Material for the task:
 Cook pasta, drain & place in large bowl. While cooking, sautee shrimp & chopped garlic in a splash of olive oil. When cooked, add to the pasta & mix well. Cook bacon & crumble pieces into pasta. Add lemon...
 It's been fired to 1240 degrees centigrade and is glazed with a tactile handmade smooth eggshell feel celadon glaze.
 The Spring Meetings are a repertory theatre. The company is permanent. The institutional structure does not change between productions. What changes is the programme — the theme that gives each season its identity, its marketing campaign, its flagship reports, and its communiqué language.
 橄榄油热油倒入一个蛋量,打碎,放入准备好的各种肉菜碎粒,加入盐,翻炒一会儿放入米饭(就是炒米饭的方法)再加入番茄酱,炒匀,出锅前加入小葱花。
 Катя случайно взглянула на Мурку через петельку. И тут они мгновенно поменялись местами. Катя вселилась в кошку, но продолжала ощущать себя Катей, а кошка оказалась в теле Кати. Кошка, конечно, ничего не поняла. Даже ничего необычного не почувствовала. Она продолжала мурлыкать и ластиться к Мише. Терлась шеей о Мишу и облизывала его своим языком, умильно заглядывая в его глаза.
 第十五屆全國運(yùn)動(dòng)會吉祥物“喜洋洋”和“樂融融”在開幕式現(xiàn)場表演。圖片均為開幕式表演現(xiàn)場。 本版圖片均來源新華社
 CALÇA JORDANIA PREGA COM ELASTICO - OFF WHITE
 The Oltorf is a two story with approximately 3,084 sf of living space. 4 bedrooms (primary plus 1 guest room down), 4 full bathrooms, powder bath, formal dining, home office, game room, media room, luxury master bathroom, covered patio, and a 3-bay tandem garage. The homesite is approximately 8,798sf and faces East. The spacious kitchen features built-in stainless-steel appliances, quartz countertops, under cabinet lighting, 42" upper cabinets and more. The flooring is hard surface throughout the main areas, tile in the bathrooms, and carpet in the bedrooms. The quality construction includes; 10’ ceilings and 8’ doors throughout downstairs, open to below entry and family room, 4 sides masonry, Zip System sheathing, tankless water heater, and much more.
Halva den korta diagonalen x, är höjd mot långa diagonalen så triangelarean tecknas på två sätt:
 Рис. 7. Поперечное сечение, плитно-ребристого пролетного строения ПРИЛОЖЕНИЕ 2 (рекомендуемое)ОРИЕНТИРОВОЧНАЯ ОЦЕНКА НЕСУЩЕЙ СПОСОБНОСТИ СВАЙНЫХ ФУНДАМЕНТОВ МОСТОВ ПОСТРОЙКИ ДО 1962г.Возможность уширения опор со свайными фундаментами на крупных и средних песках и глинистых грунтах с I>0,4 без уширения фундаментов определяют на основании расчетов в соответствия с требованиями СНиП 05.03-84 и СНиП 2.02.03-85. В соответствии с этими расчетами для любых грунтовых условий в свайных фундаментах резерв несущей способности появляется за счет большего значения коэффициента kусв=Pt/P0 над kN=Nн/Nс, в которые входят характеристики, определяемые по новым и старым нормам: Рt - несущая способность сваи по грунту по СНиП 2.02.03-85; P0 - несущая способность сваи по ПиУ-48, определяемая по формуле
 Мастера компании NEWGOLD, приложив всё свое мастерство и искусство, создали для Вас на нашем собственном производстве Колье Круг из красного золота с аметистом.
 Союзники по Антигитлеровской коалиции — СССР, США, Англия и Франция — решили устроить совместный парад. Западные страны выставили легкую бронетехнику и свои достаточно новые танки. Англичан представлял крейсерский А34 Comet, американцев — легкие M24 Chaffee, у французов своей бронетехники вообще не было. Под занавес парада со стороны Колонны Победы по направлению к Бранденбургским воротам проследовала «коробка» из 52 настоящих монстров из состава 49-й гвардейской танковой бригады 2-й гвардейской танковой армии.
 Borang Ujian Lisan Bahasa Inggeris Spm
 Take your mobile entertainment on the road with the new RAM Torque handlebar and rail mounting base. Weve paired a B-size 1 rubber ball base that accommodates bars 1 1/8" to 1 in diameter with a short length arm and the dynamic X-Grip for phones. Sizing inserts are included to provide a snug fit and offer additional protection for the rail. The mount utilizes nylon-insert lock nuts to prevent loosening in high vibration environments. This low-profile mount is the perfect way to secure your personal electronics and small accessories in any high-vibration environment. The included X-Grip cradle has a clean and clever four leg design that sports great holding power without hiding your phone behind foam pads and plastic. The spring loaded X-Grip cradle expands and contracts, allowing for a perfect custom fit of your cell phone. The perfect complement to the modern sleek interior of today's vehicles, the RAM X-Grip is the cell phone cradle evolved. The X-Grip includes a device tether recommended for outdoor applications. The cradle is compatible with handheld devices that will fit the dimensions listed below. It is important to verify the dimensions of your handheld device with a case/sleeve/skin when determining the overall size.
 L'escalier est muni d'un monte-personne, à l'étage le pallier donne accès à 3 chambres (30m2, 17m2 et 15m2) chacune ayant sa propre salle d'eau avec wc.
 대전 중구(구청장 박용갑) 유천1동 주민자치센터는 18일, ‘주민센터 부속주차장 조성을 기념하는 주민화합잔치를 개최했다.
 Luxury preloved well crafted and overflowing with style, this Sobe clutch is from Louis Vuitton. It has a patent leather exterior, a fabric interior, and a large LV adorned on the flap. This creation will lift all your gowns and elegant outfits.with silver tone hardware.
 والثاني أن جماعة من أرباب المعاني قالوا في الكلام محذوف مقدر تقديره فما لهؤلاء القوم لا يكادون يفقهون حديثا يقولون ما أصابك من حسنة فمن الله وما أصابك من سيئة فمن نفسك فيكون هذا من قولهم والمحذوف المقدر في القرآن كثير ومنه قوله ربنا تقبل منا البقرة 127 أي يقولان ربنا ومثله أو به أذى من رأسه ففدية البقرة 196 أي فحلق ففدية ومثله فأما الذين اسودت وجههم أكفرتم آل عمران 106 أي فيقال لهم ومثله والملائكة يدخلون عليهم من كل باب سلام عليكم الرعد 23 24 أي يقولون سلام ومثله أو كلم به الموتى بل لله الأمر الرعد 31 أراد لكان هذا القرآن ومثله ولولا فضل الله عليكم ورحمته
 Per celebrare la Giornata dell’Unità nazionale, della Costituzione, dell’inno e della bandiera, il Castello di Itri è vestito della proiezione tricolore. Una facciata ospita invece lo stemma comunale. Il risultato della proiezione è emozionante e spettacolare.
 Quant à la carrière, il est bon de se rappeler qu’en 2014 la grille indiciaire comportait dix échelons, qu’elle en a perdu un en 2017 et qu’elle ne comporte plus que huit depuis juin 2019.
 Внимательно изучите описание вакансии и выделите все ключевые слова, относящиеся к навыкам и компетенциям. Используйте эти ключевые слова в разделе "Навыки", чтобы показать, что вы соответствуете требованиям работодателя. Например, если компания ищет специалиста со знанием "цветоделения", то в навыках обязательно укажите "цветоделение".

Brief:
Please copy, word for word, every line from the first line of the records through the line containing "The Oltorf is", with both of those lines included and nothing else.

Answer for the task:
 Cook pasta, drain & place in large bowl. While cooking, sautee shrimp & chopped garlic in a splash of olive oil. When cooked, add to the pasta & mix well. Cook bacon & crumble pieces into pasta. Add lemon...
 It's been fired to 1240 degrees centigrade and is glazed with a tactile handmade smooth eggshell feel celadon glaze.
 The Spring Meetings are a repertory theatre. The company is permanent. The institutional structure does not change between productions. What changes is the programme — the theme that gives each season its identity, its marketing campaign, its flagship reports, and its communiqué language.
 橄榄油热油倒入一个蛋量,打碎,放入准备好的各种肉菜碎粒,加入盐,翻炒一会儿放入米饭(就是炒米饭的方法)再加入番茄酱,炒匀,出锅前加入小葱花。
 Катя случайно взглянула на Мурку через петельку. И тут они мгновенно поменялись местами. Катя вселилась в кошку, но продолжала ощущать себя Катей, а кошка оказалась в теле Кати. Кошка, конечно, ничего не поняла. Даже ничего необычного не почувствовала. Она продолжала мурлыкать и ластиться к Мише. Терлась шеей о Мишу и облизывала его своим языком, умильно заглядывая в его глаза.
 第十五屆全國運(yùn)動(dòng)會吉祥物“喜洋洋”和“樂融融”在開幕式現(xiàn)場表演。圖片均為開幕式表演現(xiàn)場。 本版圖片均來源新華社
 CALÇA JORDANIA PREGA COM ELASTICO - OFF WHITE
 The Oltorf is a two story with approximately 3,084 sf of living space. 4 bedrooms (primary plus 1 guest room down), 4 full bathrooms, powder bath, formal dining, home office, game room, media room, luxury master bathroom, covered patio, and a 3-bay tandem garage. The homesite is approximately 8,798sf and faces East. The spacious kitchen features built-in stainless-steel appliances, quartz countertops, under cabinet lighting, 42" upper cabinets and more. The flooring is hard surface throughout the main areas, tile in the bathrooms, and carpet in the bedrooms. The quality construction includes; 10’ ceilings and 8’ doors throughout downstairs, open to below entry and family room, 4 sides masonry, Zip System sheathing, tankless water heater, and much more.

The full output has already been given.